Mia madre. Il distacco

Il nostro parere

Mia madre (2015) ITA di Nanni Moretti

Un film dolente, il racconto della recisione definitiva dal cordone ombelicale, vissuto con tristezza, malinconia, rimpianto: ecco cos’è l’ultima opera di Nanni Moretti. L’aspetto autobiografico ritorna predominante nel suo cinema che rappresenta la triste dipartita della sua vera madre, Agata Apicella, anch’essa professoressa di latino e greco come il personaggio interpretato mirabilmente da Giulia Lazzarini.

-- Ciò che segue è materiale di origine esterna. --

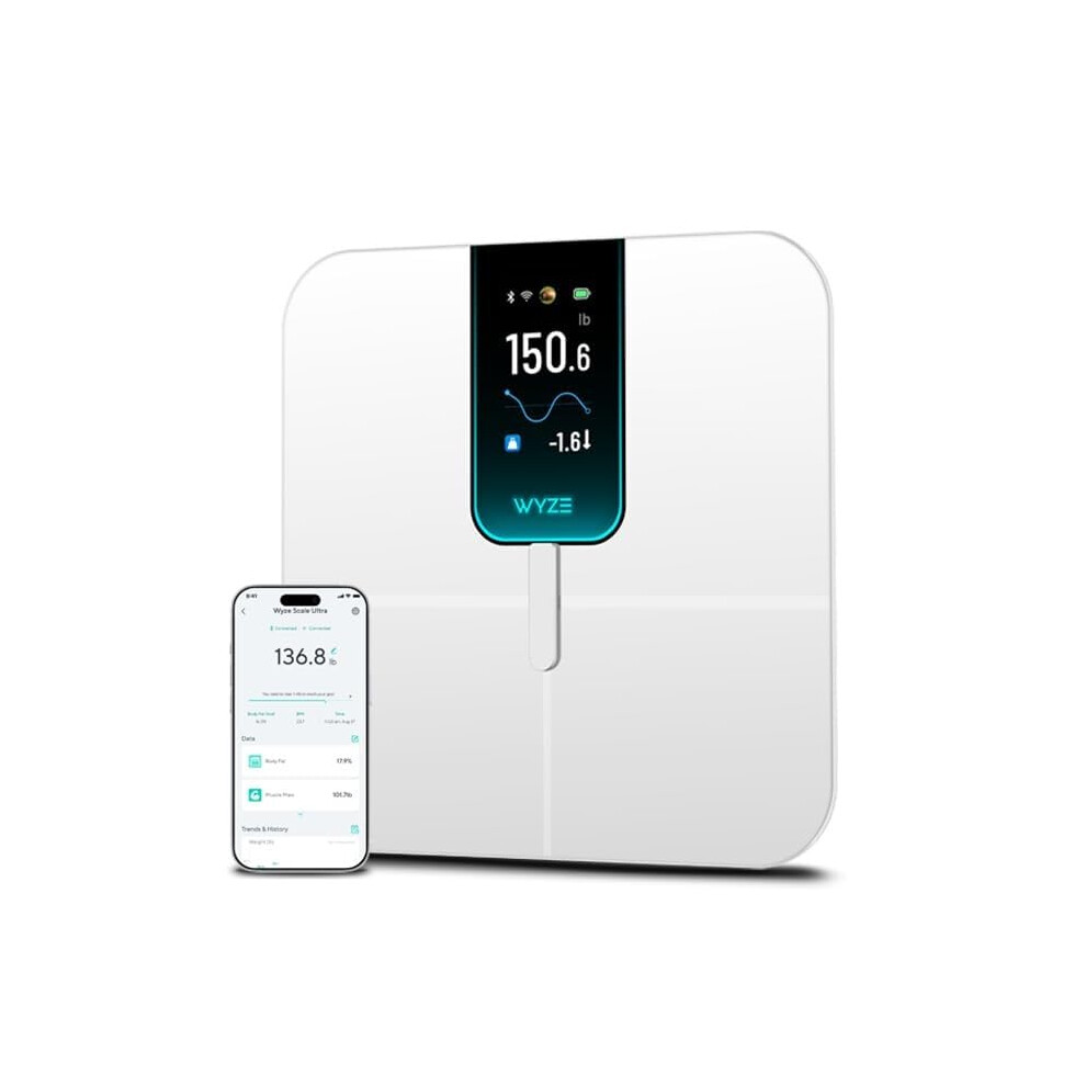 Wyze Scale Ultra, Smart Scale with 4.3" Color Display, Digital Bathroom Scale for Body Weight BMI Muscle Mass Composition, Wi-Fi & Bluetooth Body Fat Scale with Heart Rate- Black
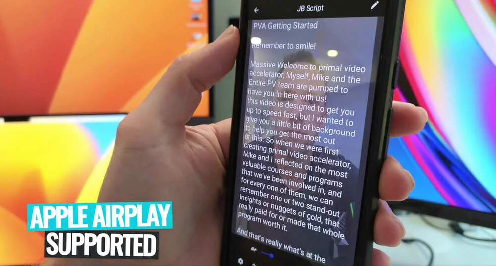 So you have the ability to read off your full script or even just bullet points while doing things like an Instagram Live or a Facebook Live.

Moretti, forse troppo segnato dal dolore ancora vivo nonostante gli anni passati (Agata è morta nel 2010), si mette da parte scegliendo per sé un ruolo secondario e inserendo al centro, sotto i riflettori, un alter ego femminile, Margherita Buy, regista di un film sulle lotte operaie che fa fatica a vedere la luce.

Lei ed il fratello (Moretti appunto) devono affrontare la triste necessità dell’accompagnamento della madre verso la morte, in un progressivo spegnersi che alterna momentanee illusioni ad altrettanti feroci dolori. La difficile accettazione della gracilità del grembo materno mette in discussione ogni cosa, getta una luce retrospettiva sulla vita della regista che, impreparata alla morte, avverte la propria caducità e si chiede il senso dell’esistenza, discute sull’ordine dei propri valori, sul significato che ognuno di noi deve dare alla propria vita.

Questo tipo di dolore, così facilmente comprensibile per il mondo intero, è il momento focale di quest’opera matura e non autoreferenziale, interpretata benissimo da Giulia Lazzarini, davvero commovente, e da un cast variegato ed importante. Anche la recitazione enfatica di John Turturro trova una sua ragionevole spiegazione nella parte finale che dà conto della sua fastidiosa ed eccentrica presenza. Non si può non ricordare il suo Jesus del Grande Lebowski quando si mette a ballare il giorno della fine delle riprese.

Votato dai Cahiers du cinema come il miglior film dell’anno, Moretti si congeda dalla propria genitrice con una lettera d’amore lunga 106 minuti.